Pat’s answer was unexpected. It was also grubby and friable from having been read too many times and had muddy fingerprints across the flap. Kit’s name was scrawled across the front of an envelope in ink that had faded with age.
“Take it,” said Pat. “Better late than never.”
Kit, hi…
Reading in the back of the cab made Kit feel sick. So he slipped Mary’s letter into its tatty envelope and saved it for the twenty-five minutes he had to wait for a train on a windy platform in the middle of nowhere.
The letter had been given to him without apology.
“You found this after she died?”
“No,” said Pat. “I’ve always had it. Mary posted it through your letter box.”
“So how did you get it?”
“Your father. He recognised Mary’s writing and kept it. For safety, he said.”
The words inside were simple.

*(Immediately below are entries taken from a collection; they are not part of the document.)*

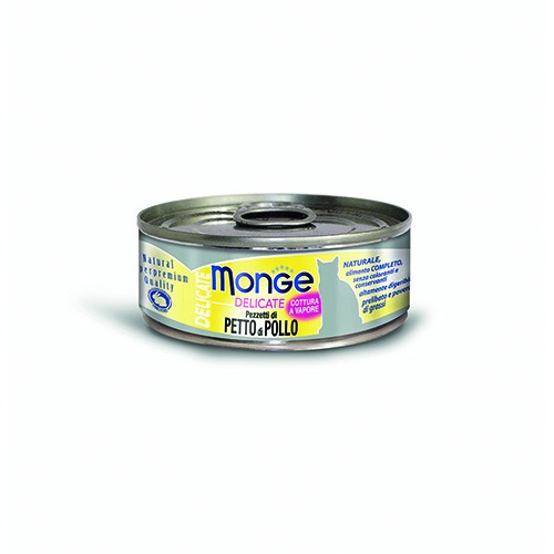 MONGE DELICATE PETTO DI POLLO è un alimento complementare per gatti adulti, preparato con cura e dal gusto delicato grazie alla sua cottura a vapore.
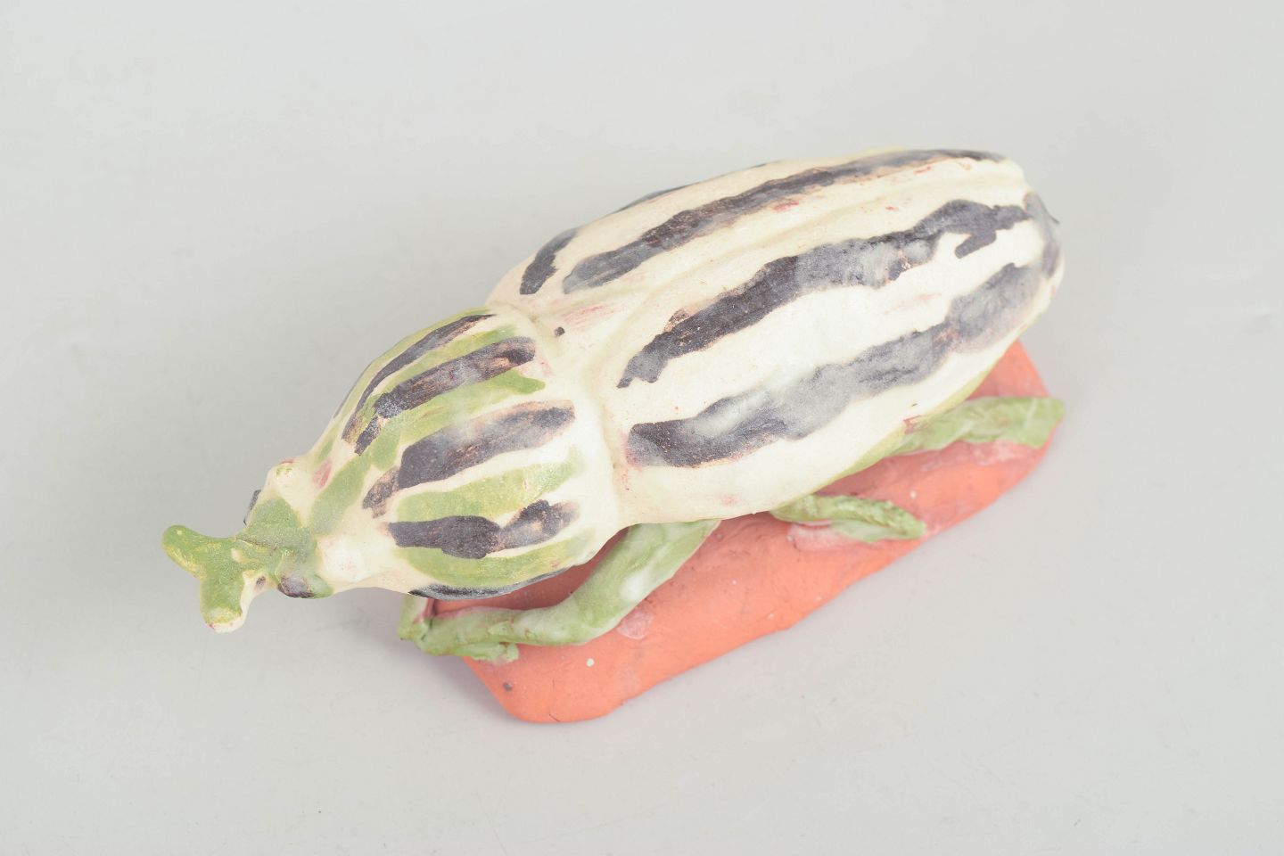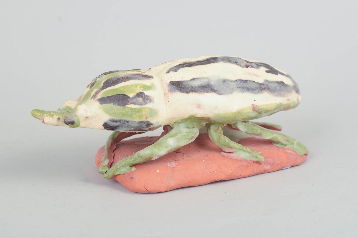 Nils-Erik Zetterström, insekt figur.Unik keramisk figur forestillende et insekt udført i stentøj med lys glasur dekoreret med grønne og mørke nuancer. Figuren er modelleret med en stiliseret, naturalistisk form og placeret på en lille base i ler, hvilket giver et skulpturelt og levende udtryk. Usigneret unika fra 1970’erne.
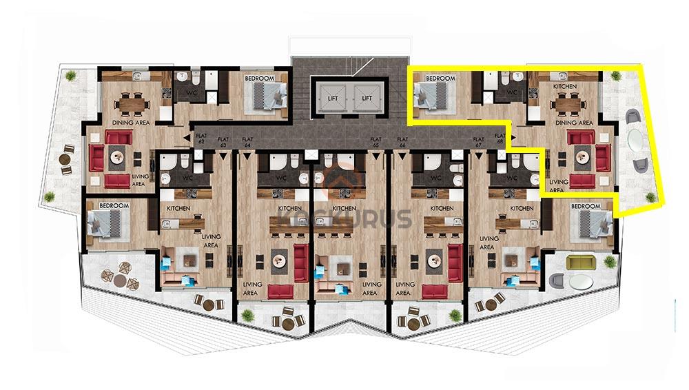 Our apartment for sale is located on the 10th floor, with a 1+1 layout and a total size of 78 m2. It features a spacious balcony with stunning Mediterranean views and is just 550 meters from the Long Beach coast.
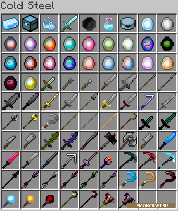 Мод на холодное оружие Colds Steel добавит в игру новые варианты холодного оружия включающие в себя кинжалы, топоры, молоты, посохи. За каждый удар нанесенный этим оружием, оно будет получать опыт. За счет опыта можно повысить ранг оружия, что улучшит его характеристики и даст ему новые способности.
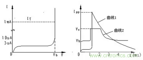 如果用圖示儀觀察TVS的特性,就可得到圖1中左圖所示的波形。如果單就這個曲線來看,TVS管和普通穩(wěn)壓管的擊穿特性沒有什么區(qū)別,為典型的PN結(jié)雪崩器件。
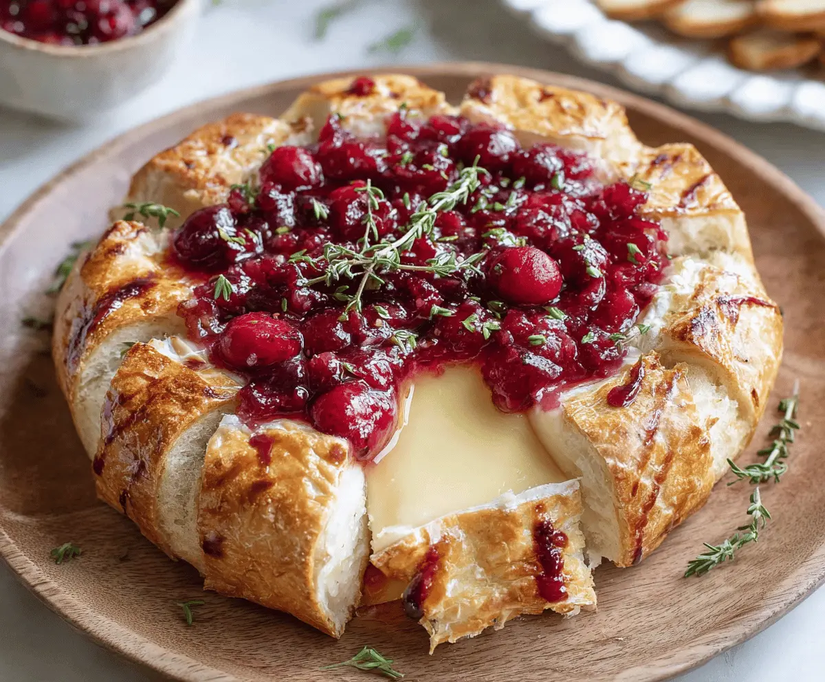 Serve your warm Baked Brie with crackers or sliced baguette. Enjoy the gooey, warm cheese with the tart-sweet cranberry topping and flaky pastry—this dish is sure to impress!
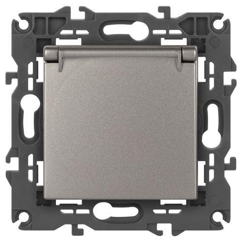 Розетка Elegance 14-2103-16 16А 250В 2P+E Schuko защ. шторки с крышкой титан Эра Б0065811 Эра
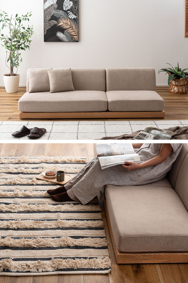 脚は取り外し可能で、ロースタイルでも使用できます。お部屋を広く見せたいときや、床に近い暮らしにもぴったり。空間やライフスタイルに合わせて、自由に使い分けられます。
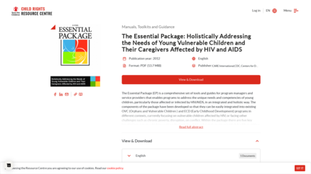 The Essential Package (EP) is a comprehensive set of tools and guides for program managers and service providers that enables programs to address the unique needs and competencies of young children, particularly those affected or infected by HIV/AIDS, in an integrated and holistic way. The components of the package have been developed so that they can be easily integrated into existing OVC (Orphans and Vulnerable Children ) and ECD (Early Childhood Development) programs in different contexts, currently focusing on vulnerable children affected by HIV, or facing other challenges such as chronic poverty, disruption, on conflict
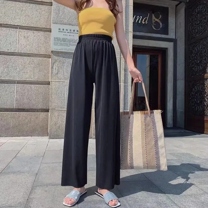Женские брюки из ледяного шелка, женские летние свободные прямые брюки
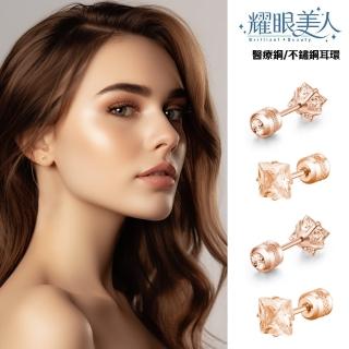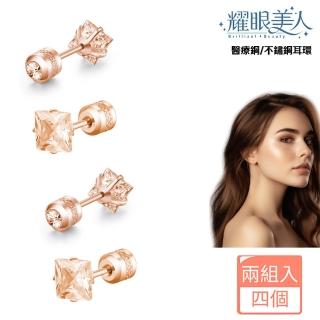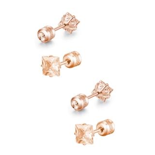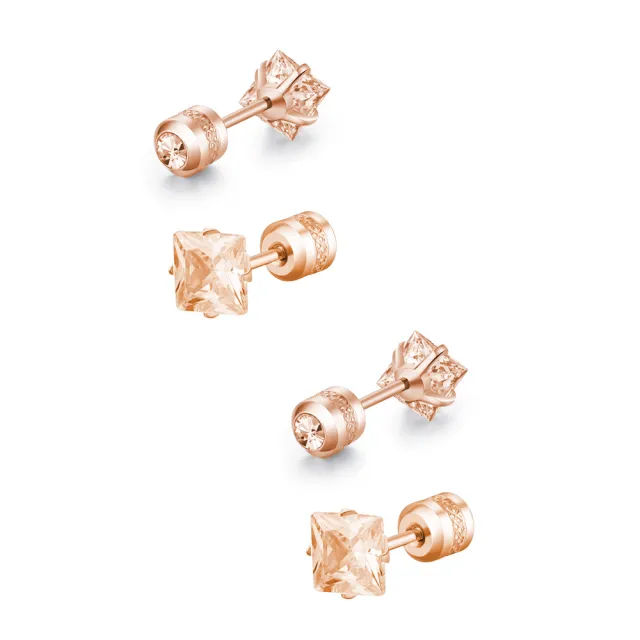 閃耀公主方玫瑰金香檳鋯石鑽鈦閃耀不鏽鋼耳環兩組入(女王節/造型/過爐款/美容美感品味)
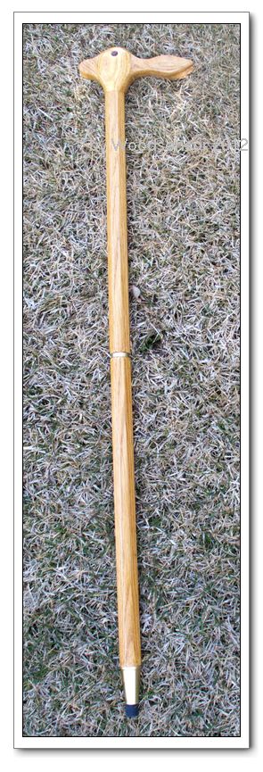 2012年夫人回国探亲,临行前一个月花了点业余时间便给老丈人做了一个拐杖。橡木制作,拐体为1英寸大小的8面柱体。拐杖设计为可拆开的两段式,以方便装到旅行箱中携带,两个拐杖体中间用铜铸件连接,拐角配有下锥形的铜件,并用橡皮头连接,以起到缓冲和防滑作用。
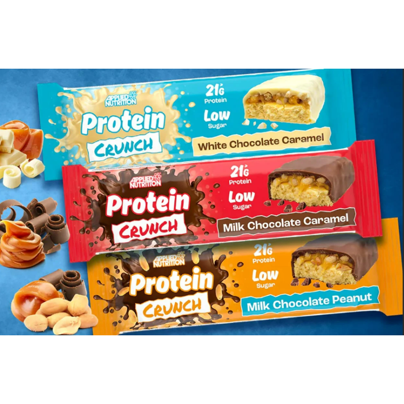 Todas las barritas Protein Crunch son suculentos snacks de tres capas con caramelo suave y una base crujiente cubierta de chocolate espeso.
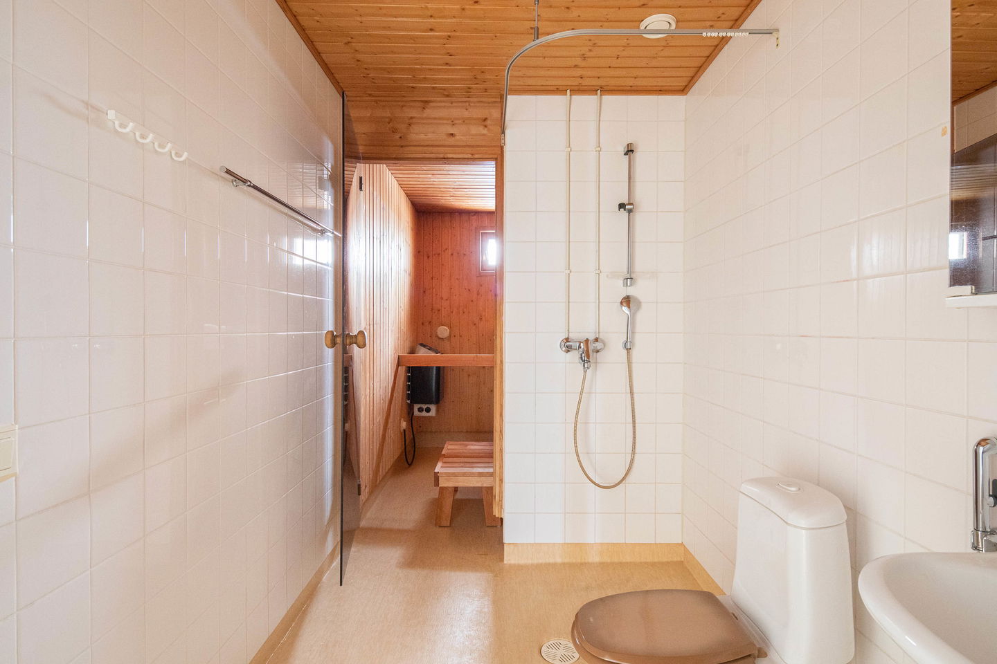 Yläkerta tarjoaa kaksi hyvänkokoista makuuhuonetta – toinen omalla parvekkeella, toinen rauhallisesti talon päädyssä. Keskellä oleva aula toimii monikäyttöisenä tilana esimerkiksi työpisteelle tai perheen yhteiseen käyttöön. Kerroksessa on myös kylpyhuone sekä sauna, jotka lisäävät asumismukavuutta.
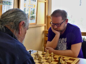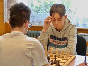 Marek Patrik-Vymazal Marek 0:1 Souboj mladých, Svitaváka jsem už dva roky zpátky bílými ve Francii marně lámal. Tady se hrálo totéž, ale náš junior zvolil zavřenou variantu. Osobně ji nedoporučuji – černý má jasný plán a bílý musí být pozičně precizní, anebo maximálně kreativní, aby se dopracoval k výhodě. Tady dopadl jako XY jiných – skončil v trochu horší koncovce, pak ještě pochmurnější, posléze prohrané věžovce. Černý se ani moc nenadřel, prostě „jen“ hrál dobře.
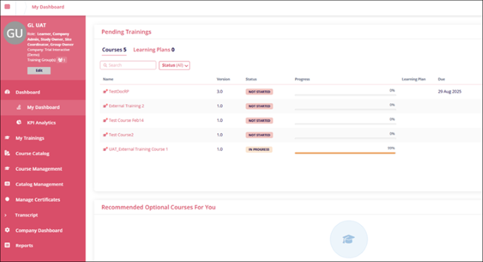 - Depending upon the user role, the left-hand navigation pane will be populated accordingly, and certain dashlets will not be visible.
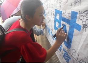 同学们撑着伞在横幅上签名。(曹叶琴摄)
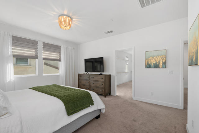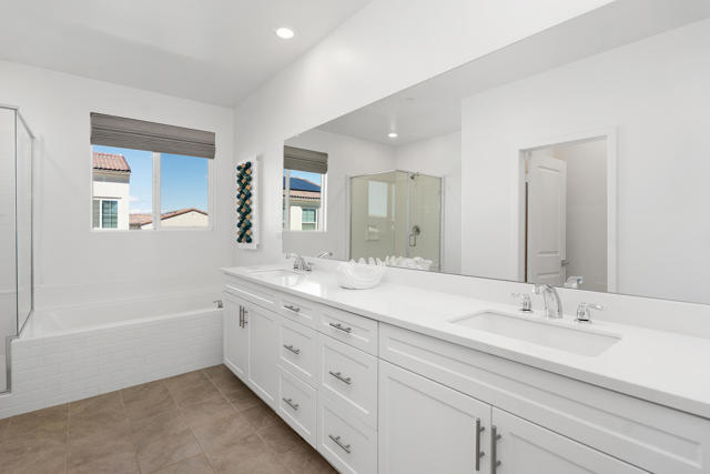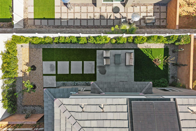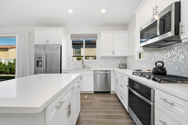 Welcome to this beautifully appointed 2022-built home located in the highly desirable University Park community of Palm Desert. Offering 1,945 square feet of thoughtfully designed living space, this 4-bedroom, 3-bath residence blends contemporary style, comfort, and efficiency--perfect for a full-time residence or a luxurious desert retreat. Step inside to an open-concept floor plan filled with natural light, enhanced by double-pane windows and sliding doors. Wood-like tile flooring flows seamlessly through the main living areas, while plush carpet adds warmth to each bedroom. The heart of the home is the stunning kitchen, featuring quartz countertops, white contemporary cabinetry, a custom backsplash, stainless steel appliances, a gas cooktop, a pantry, recessed lighting, and sleek modern fixtures. The kitchen opens effortlessly to a spacious dining area and inviting living room--ideal for entertaining or relaxing with family and friends. The generous primary suite offers a true retreat, complete with a large walk-in closet, dual vanities, a soaking tub, and a separate shower. All bedrooms are spacious and well-appointed, and each bathroom showcases quartz counters and contemporary cabinetry. Custom window coverings throughout the home add both style and privacy. An individual laundry room and attached two-car garage provide everyday convenience. Designed with efficiency in mind, the home includes paid-off solar panels and a Lennox AC system for optimal comfort and energy savings. The private backyard has been professionally landscaped and updated with a concrete slab patio, walkways, and low-maintenance turf--creating the perfect outdoor setting for relaxing or entertaining under the desert sky. Residents of University Park enjoy resort-style amenities including a sparkling pool and spa, beautifully maintained parks with playgrounds, and a dog park. Ideally located near shopping, dining, and everything Palm Desert has to offer, this home delivers the perfect balance of style, location, and lifestyle. Whether you're seeking a vacation getaway or a year-round desert residence, this home is move-in ready and comes furnished--bring your suitcase and start enjoying the best of Palm Desert living.
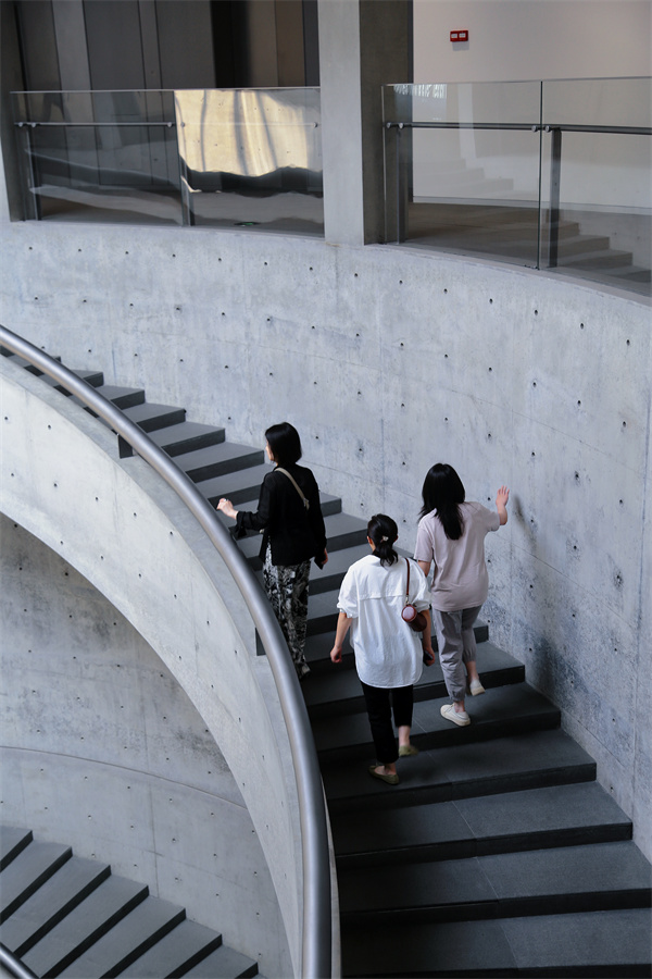 光、水、影、灰調(diào)質(zhì)感、雙螺旋樓梯……以最原始的材料堆砌的清水混凝土建筑,以“和諧”的概念設(shè)計,使之與嶺南文化呼應(yīng),這正是位于佛山順德由日本建筑大師安藤忠雄所設(shè)計的和美術(shù)館。
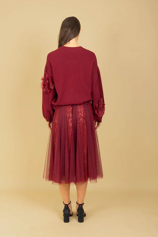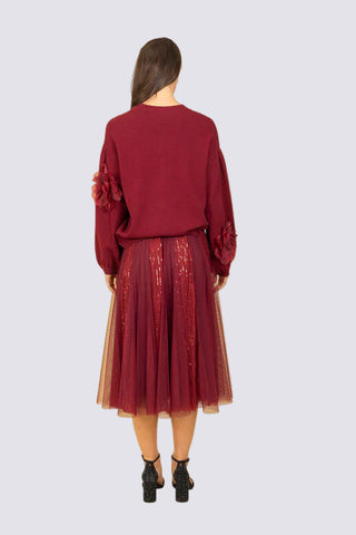 100% Merino Wool Round Neck Sweater with 3-D Floral Appliqué
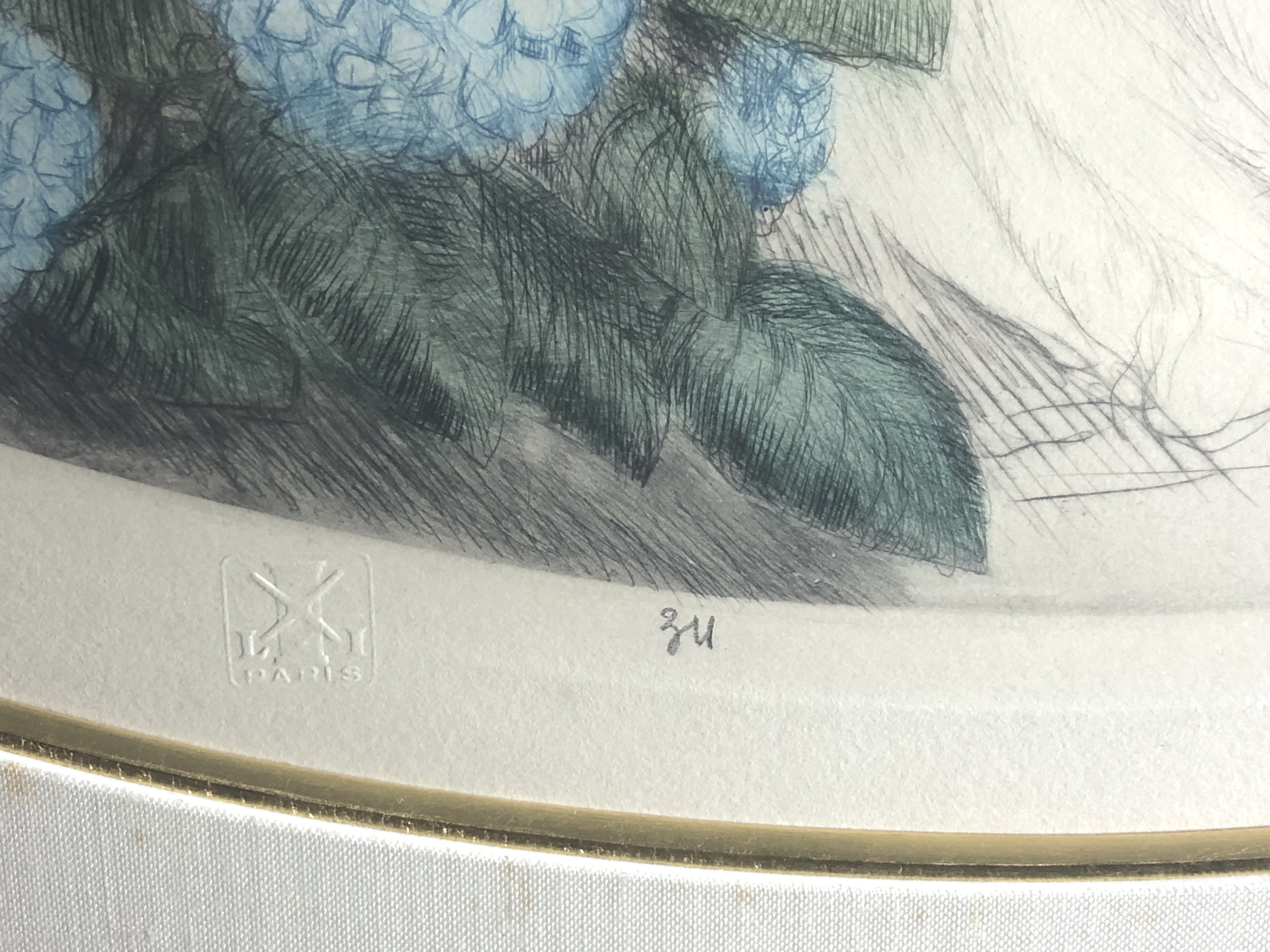 Etching, drypoint and aquatint with hand-coloring, signed in pencil, with the artist’s embossed blindstamp.

Grief, anger, and guilt had stripped away any pretence of literary style. Her other notes to him, few as they were, had been clever or witty, carefully worded and designed to impress. All of that was missing. Mary wanted to know what he’d said to Josh the morning before Josh died. She wanted explanations.
“When did he give it to you?”
“After he heard Mary was missing. We’d reported it to the police.”
Yeah, Kit knew all about that. Somehow he’d ended up at the top of their suspect list. It said so in the newspapers.
“Katie was convinced you’d killed her.” It seemed Kit had been saved by a single line on a card posted in Dublin. Even Kate O’Mally had accepted Mary was unlikely to be writing from beyond the grave.
“Did my father say why he kept it?”
“He thought you were a bad influence on Mary.”
“And you,” asked Kit, feeling emptiness in his stomach. “What did you think?”